Largely this is so because of the influence my “search for The Mystic” has had on me. I’ll continue the narrative and reveal my latest findings to you soon.

Bill Clark, John Caterson and me.

Each person shown here has BOTH commented and contributed to the conversation here and have met f2f with me either here at my home or somewhere out there.

Brian Russel and me.

Performing artists, homemakers, construction workers, seminary profs, church planters, pastors, presidents of music labels, professors of political science, superheroes, mosaic interns, students, Educators, designers, accountants…have all found their way here to “Into the mystic.” And through here many of you have also found each other.

Michael McManus.

Looking back I discovered that [after my son, Michael and a nice young teenager from Texas], my young friend Cliff Bragg was the first to post a comment. Thanks Cliff for helping me get things going.

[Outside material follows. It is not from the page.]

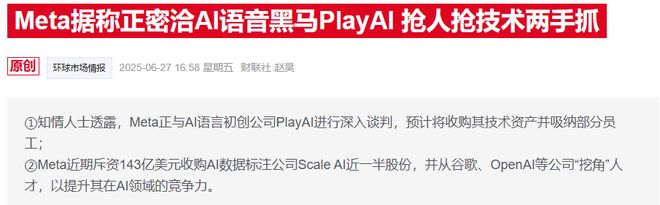 Meta方面,公司已完成对AI语音初创公司PlayAI的收购。有报道援引内部备忘录显示,PlayAI团队将于下周加入Meta,新成员将向Meta高管Johan Schalkwyk汇报工作。
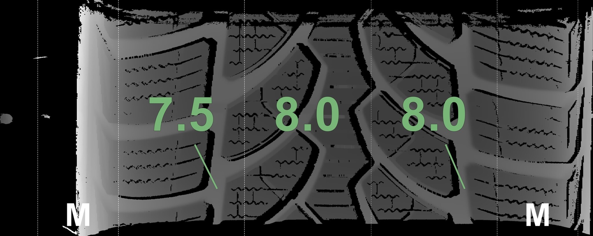 | Zustand | Profiltiefe | DOT | Hinterachse Links | Gebraucht | 8.0 mm | 4218 |

Cliff Bragg and Jason Jaggard.

Tony Sheng, Dale Swinburne, and Mark Weible were right on Cliff’s heels. All four of these guys are still integral parts of this community through their comments here and through their own blogs.

Dominic and Niza.

Fau.

The first to subscribe to “Into the Mystic”: #1] Michael McManus. Thanks, son. My second subscriber was me. Early subscribers include #3] Jovanna Villela #4] Cliff Bragg #5] Phillip Kim #6] Derek Webster #7] Mark Weible #8] Marvin Moore #9] Jacob Peterson …and rounding out the top ten #10] Deana Watson.

Me and Thorsten.

I’ve got some very exciting topics coming up that will be sure to create a fire storm. What’s new? That happens here and some get a bit singed but we all generally emerge stronger.

Toby.

Did I mention the radio station? The podcasting? The videoblogs? The new blogging community I hope each and everyone of you will join — word is we’re actually getting somewhere now. Stay tuned.

The Phantom.

Your voices are what have made this place an interesting place to hang out. Thank you for a terrific 6 months. You belong here.

Into the Mystic…

Alex McManus

Celebrating 6 Months of “Into the Mystic…”

Welcome back.

CELEBRATING 6 MONTHS OF BLOGGING

When I first started blogging on February 23rd of this year, I was usually the only one who read my posts. Well, there was Michael, my son, who got me blogging.

Suddenly and without warning our lone voices were joined by yours, and it was your voices that turned “into the mystic…” into one of the most unique and significant communities in the western world. [Yes, I think the “mystic” community is both unique and significant.]

THANKS to all of who who came and created such amazing community here at “into the mystic…” In a very real way, this is our blog.

As a result, I’m doing a “The Best of…” from those early days to celebrate 6 months as a blogger. These are posts most of you never read. I’m looking forward to your input. The first will come your way on Tuesday: Exegeting Culture Part 1: Developing Eyes to See.

Today I just want to say, Thank you.

Six months ago I knew very few of you. Today I count you as among my closest friends.

Many of you (photographically captured here in all your glory) have been in my home. Our home and our lives are richer because your journey intersected ours.

I’m certain that we will cross paths with many more of you in the days, weeks and months to come.

Photographs: Some of our Blog friends who’ve been to our home

Again, happy six-months and thanks, You belong here.